Assistant Professor of Chemistry Adam Van Wynsberghe was a contributing author of a paper published in the June issue of the journal Chemical Biology and Drug Design. The paper, titled “Applying Molecular Dynamics Simulations to Identify Rarely Sampled Ligand bound Conformational States of Undecaprenyl Pyrophosphate Synthase, an Antibacterial Target,” presents the results of research conducted in collaboration with researchers at the University of California-San Diego, the Howard Hughes Medical Institute and the University of Illinois at Urbana-Champaign.
The authors used molecular dynamics and docking studies to explore the conformational flexibility and drug-binding properties of a bacterial protein used in cell-wall synthesis, Undecaprenyl Pyrophosphate Synthase (UPPS). Since human cells do not contain cell walls, UPPS is an attractive target for antimicrobial drugs. The work described in the paper provides evidence that when designing inhibitors, multiple conformations of the protein target must be considered. The simulations reproduced, on average, the experimental volume of the binding pocket when no inhibitor was bound. However, the conformation that permitted strong binding of small molecule inhibitors had a much larger binding pocket volume and was only rarely sampled. This suggests that identifying these rare active conformations is essential to effective rational drug design.

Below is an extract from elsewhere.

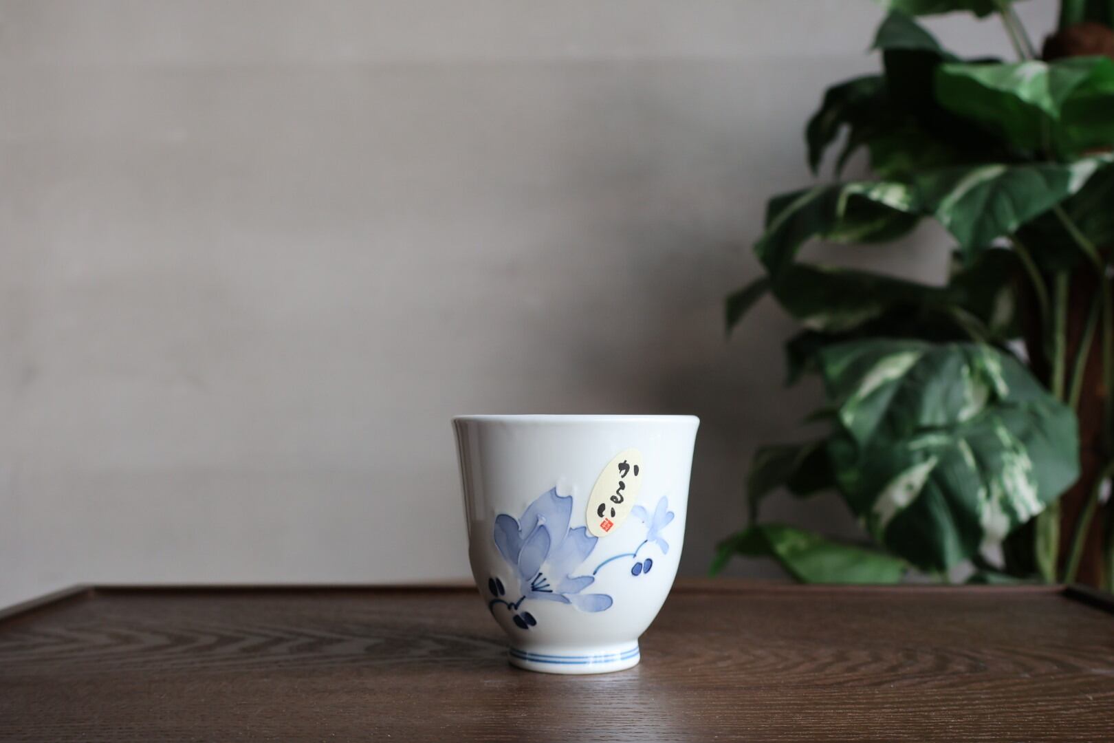 内側と外側に描かれた淡い色の花モチーフが素敵な波佐見焼の軽量湯呑です。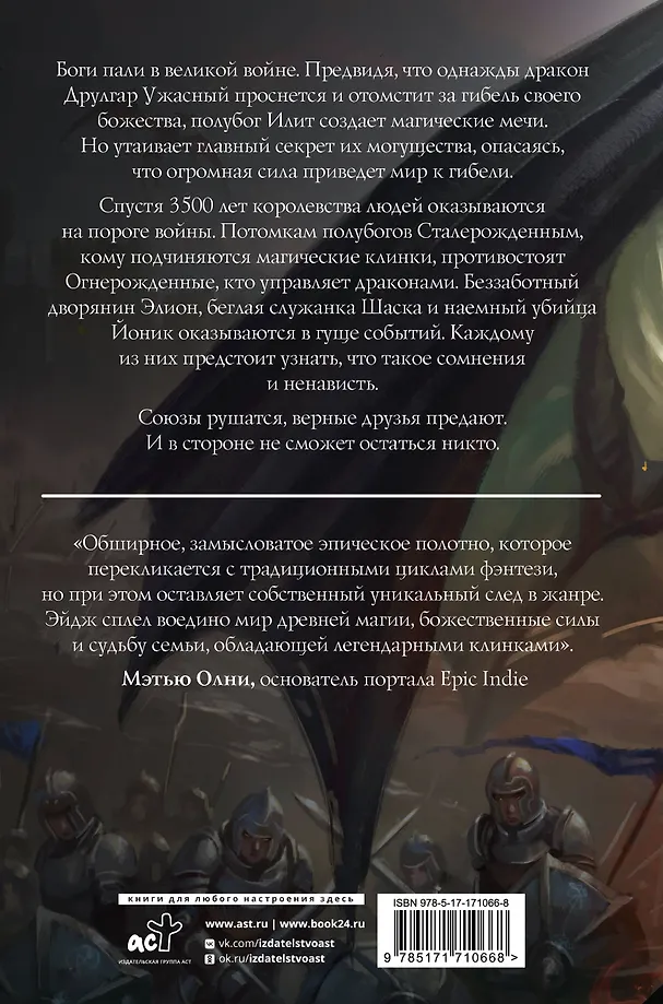 Боги пали в великой войне. Предвидя, что однажды дракон Друлгар Ужасный проснется и отомстит за гибель своего божества, полубог Илит создает магические мечи. Но утаивает главный секрет их могущества, опасаясь, что огромная сила приведет мир к гибели. Спустя 3500 лет королевства людей оказываются на пороге войны. Потомкам полубогов Сталерожденным, кому подчиняются магические клинки, противостоят Огнерожденные, кто управляет драконами. Беззаботный дворянин Элион, беглая служанка Шаска и наемный убийца Йоник оказываются в гуще событий. Каждому из них предстоит узнать, что такое сомнения и ненависть. Союзы рушатся, верные друзья предают. И в стороне не сможет остаться никто.

The paper was cited by the Faculty of 1000 (F1000) service as a “must-read.” F1000 is a post-publication peer review service that identifies important articles in biomedical research and recommends them to their users. F1000 reviews approximately 1,500 articles each month, representing the top 2% of all articles published across 40 areas of biology and medicine.
Van Wynsberghe’s lab studies protein flexibility and dynamics using a variety of computational and theoretical techniques. The lab’s general goals are to develop and utilize molecular simulation methods to investigate biological and biochemical systems from a physical and chemical perspective.